======== ENTRIES PROVIDED ========
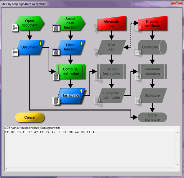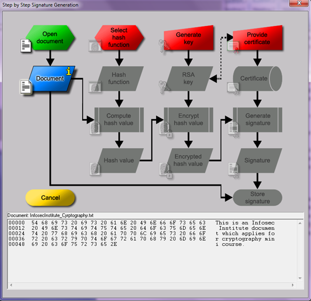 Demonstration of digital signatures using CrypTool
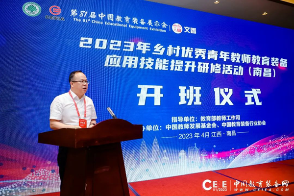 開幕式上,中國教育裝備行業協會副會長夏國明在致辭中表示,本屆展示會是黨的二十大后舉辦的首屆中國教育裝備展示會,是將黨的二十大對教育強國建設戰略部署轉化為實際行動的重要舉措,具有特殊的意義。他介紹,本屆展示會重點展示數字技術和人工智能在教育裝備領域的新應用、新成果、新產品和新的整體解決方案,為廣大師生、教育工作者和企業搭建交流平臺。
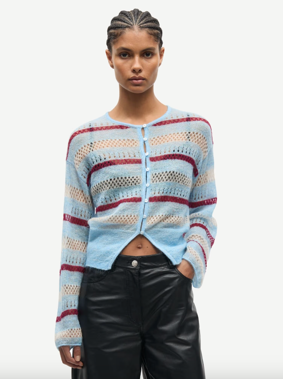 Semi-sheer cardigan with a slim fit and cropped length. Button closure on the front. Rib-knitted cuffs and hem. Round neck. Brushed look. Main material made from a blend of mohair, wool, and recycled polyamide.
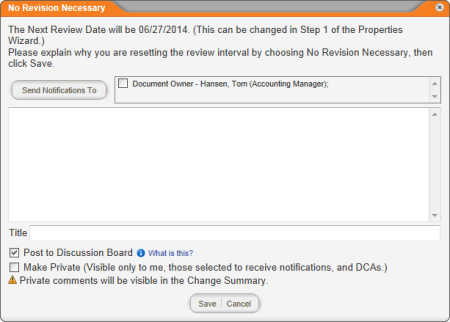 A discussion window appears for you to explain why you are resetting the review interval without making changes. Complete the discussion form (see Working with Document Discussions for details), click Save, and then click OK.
========
======== ENTRIES PROVIDED ========
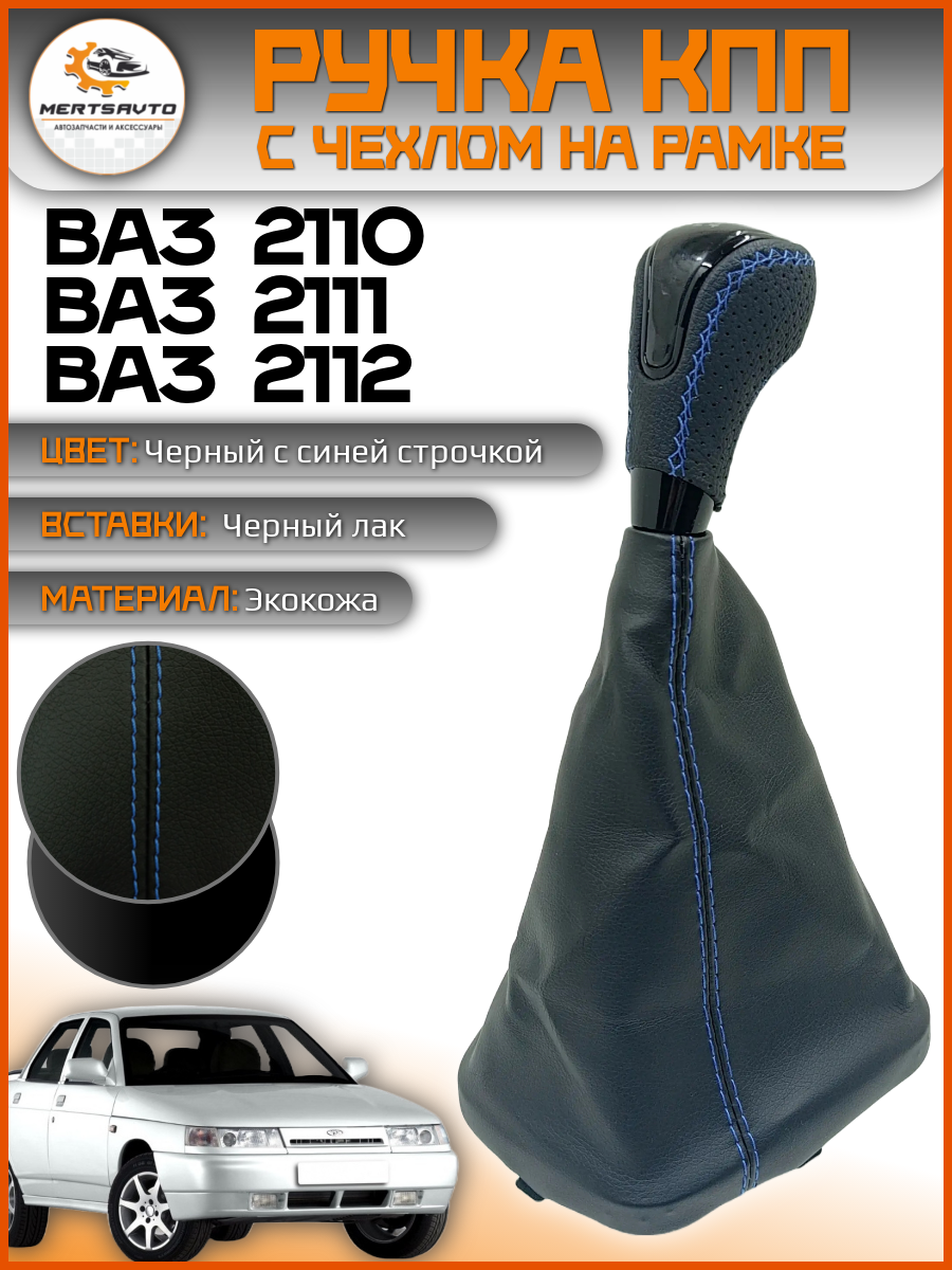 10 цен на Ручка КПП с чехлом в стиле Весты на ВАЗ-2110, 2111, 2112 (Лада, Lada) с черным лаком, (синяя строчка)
========
Could you repeat, exactly, only the lines above starting at the one that has "Demonstration of digital" and stopping after the one that has "A discussion window", without the pictures?

▶ [YOUR RESPONSE]
 Demonstration of digital signatures using CrypTool
 開幕式上,中國教育裝備行業協會副會長夏國明在致辭中表示,本屆展示會是黨的二十大后舉辦的首屆中國教育裝備展示會,是將黨的二十大對教育強國建設戰略部署轉化為實際行動的重要舉措,具有特殊的意義。他介紹,本屆展示會重點展示數字技術和人工智能在教育裝備領域的新應用、新成果、新產品和新的整體解決方案,為廣大師生、教育工作者和企業搭建交流平臺。
 Semi-sheer cardigan with a slim fit and cropped length. Button closure on the front. Rib-knitted cuffs and hem. Round neck. Brushed look. Main material made from a blend of mohair, wool, and recycled polyamide.
 A discussion window appears for you to explain why you are resetting the review interval without making changes. Complete the discussion form (see Working with Document Discussions for details), click Save, and then click OK.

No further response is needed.